Exercise description: Transcribe all the lines below exactly. Omit the pictures.

The data:
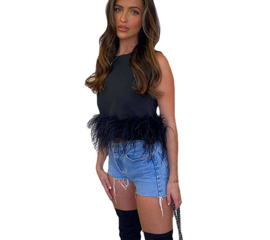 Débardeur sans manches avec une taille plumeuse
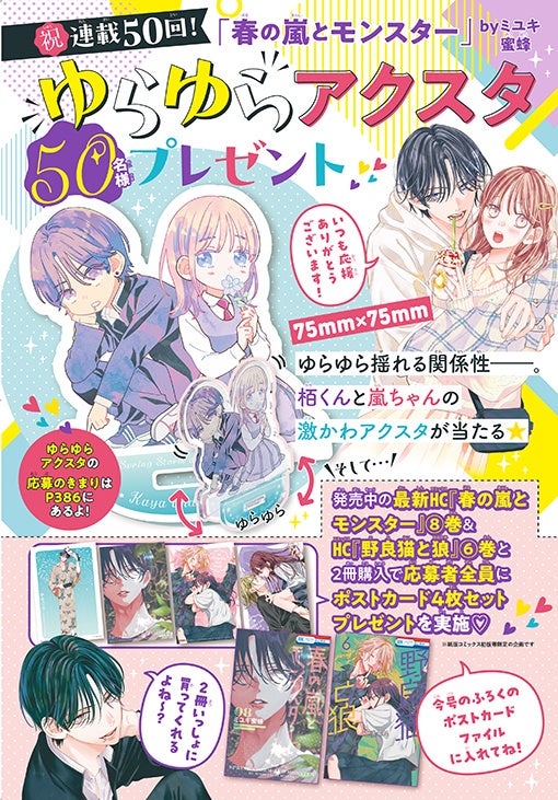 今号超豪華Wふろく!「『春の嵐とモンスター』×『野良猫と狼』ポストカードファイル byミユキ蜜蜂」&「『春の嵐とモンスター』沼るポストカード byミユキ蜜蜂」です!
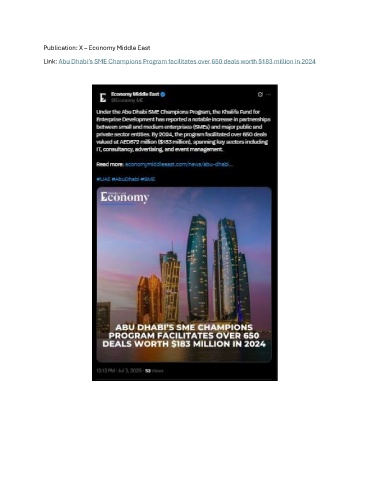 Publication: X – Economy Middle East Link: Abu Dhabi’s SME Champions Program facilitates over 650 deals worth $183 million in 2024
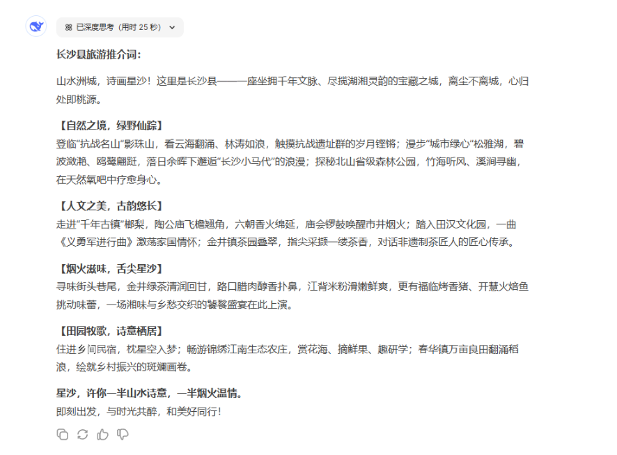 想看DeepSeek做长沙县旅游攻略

Answer:
 Débardeur sans manches avec une taille plumeuse
 今号超豪華Wふろく!「『春の嵐とモンスター』×『野良猫と狼』ポストカードファイル byミユキ蜜蜂」&「『春の嵐とモンスター』沼るポストカード byミユキ蜜蜂」です!
 Publication: X – Economy Middle East Link: Abu Dhabi’s SME Champions Program facilitates over 650 deals worth $183 million in 2024
 想看DeepSeek做长沙县旅游攻略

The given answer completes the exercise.